Of the 700 million roses that Colombia sends each year to florists around the world for Valentine’s Daynew varieties have been born from mixtures that result in purple, pink or orange colors, all of them special and unique in the world.
The varieties of Colombian roses that are exported to be given as gifts in the United States, Japan, Canada, the United Kingdom or Spain, among other countries, have intellectual property rights in the name of the original creators of the varieties, whom the industry calls ‘ breeders’.
It is precisely this unique and exclusive character that is the reason why Colombian flower growers must pay royalties for each stem planted, regardless of whether it is successful or not.
This is what the executive vice president of the Colombian Association of Flower Exporters (Asocolflores), Andrés Vernaza Guzmán, explains to EFE, who, surrounded by crops of white roses, explains with one of the flower growers the process prior to planting the flowers.
“For each seed, the people who plant have to pay royalties to the breeders, so what is expensive on a flower farm is not the land but rather they have to pay for each flower grown, which ranges from one to five. Dollars”says Guzmán.
A variety can be the result of millions of attempted crosses in which quality, colors, durability and resistance are tested, factors that become especially relevant when it is taken into account that the bouquets have to reach all continents perfectly, since Colombia is It remains the second largest exporter in the world, only surpassed by the Netherlands.
Protected against El Niño
The flower growers who are in charge of the plantations at Hacienda Mongibello, one of the most important in Colombia, located in the municipality of Chía, 10 kilometers north of Bogotá, celebrate having been prepared for the adverse climates caused mainly by the phenomenon of El Niño does not affect crops at this time.
“Fortunately on this farm we have had no problems.“, explains one of the flower growers, who also adds that the prevention they do “consists of maintaining relatively high humidity so that frost does not damage crops”.
In the greenhouses that store the flowers, they carry out the complete process of growing roses, from planting to shipping by air or by sea so that the stems reach their final destinations in large cold chambers.
“The ideal temperature for the flowers to arrive fresh is between one and three degrees.“, describes the person in charge of the chamber, Lisandro Martínez, and at that same temperature they keep the cold room in which they store them before sending them outside.
Thus, a hundred boxes keep the flowers hydrated at all times so that lovers in other countries can give them as gifts for Valentine’s Day. The company’s objective is that “When the rose arrives at home, it lasts up to 20 days, perfect.”.
Flowers to fulfill dreams
The cultivation of flowers in Colombia is a profession with which entire families have been able to “get ahead”says post-harvest classifier Loreney Serrato Rojas, while she selects roses, cleans the outer petals and puts them together creating the bouquet.
“My dream is to get my house, that’s what I want most“, she says hopefully while remembering her children, the three children she has been able to raise thanks to the eight years she has spent among flowers.

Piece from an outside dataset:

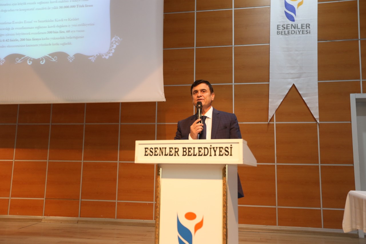 Sunumların ardından konuşma yapan Esenler Kaymakamı Hulusi Şahin, “Esenler’de üretim alanları eskiye nazaran daha iyi bir noktaya gelmiş durumda. Ancak bu alanların daha da artması gerekiyor. Ruhsatsız işletmelerin zapturapt altına alınması da son derece önemli. Esenler konumu itibariyle hizmet sektörünün ağırlıklı olduğu bir yapıya sahip. Devlet Esenler’de üretimin, ticaretin gelişmesi için çok kıymetli  bir arsaya Tekstilkenti ve Giyimkenti inşa etmiş durumda. Fakat burada esnafımıza, sanayicimize de bir  takım görevler düşüyor. Mesela o bölgeyi ağırlıklı olarak depo gibi kullanan esnaflarımız var. Halbuki çok merkezi bir konumda yer alan ve güzel imkânlara sahip bu alanların daha iyi değerlendirilmesi gerekiyor. Biz şu an içinde bulunduğumuz ekonomik bir takım sıkıntılardan çok rahatlıkla kurtulabilecek bir milletiz. Fakat bu noktada şunu ifade etmeliyiz, tasarruftan uzak tüketime dayalı ve dışarıdan geleni harcamak üzerine kurulu zihniyeti kurutmamız gerekiyor. Ahilik ve loncalık diyoruz ya, bizim esnafımızda bu vardı, kanaat. Gelir düzeyimizle orantılı harcama yapmalıyız. Örneğin devletin ekonomiye hareket getirmek amacıyla esnafa verdiği hibeleri, kredileri esnaflarımız araba ve ev yenilemek için kullanmamalı. Bunlar lüks tüketime harcandığı takdirde sonuçları da genellikle acı oluyor. Bu noktada, bizim tasarruf kültürünü çocuklarımızdan yetişkinlere kadar aşılamamız gerekiyor.” ifadelerini kullandı.

She is one of the women who work in the company, who represent 60% of the entire workforce, which totals more than 200 employees.
Like her, the women take the number of roses that the client requests, tie them and leave them on a conveyor belt so that the manager receives them and leaves them in water so that they are hydrated at all times.
It is a workforce made up mostly of women that during Valentine’s Day alone generates 27,000 temporary jobs that allow women heads of families, like Loreney, to provide for their loved ones, and to give lovers around the world an arrangement out of the Colombian fields.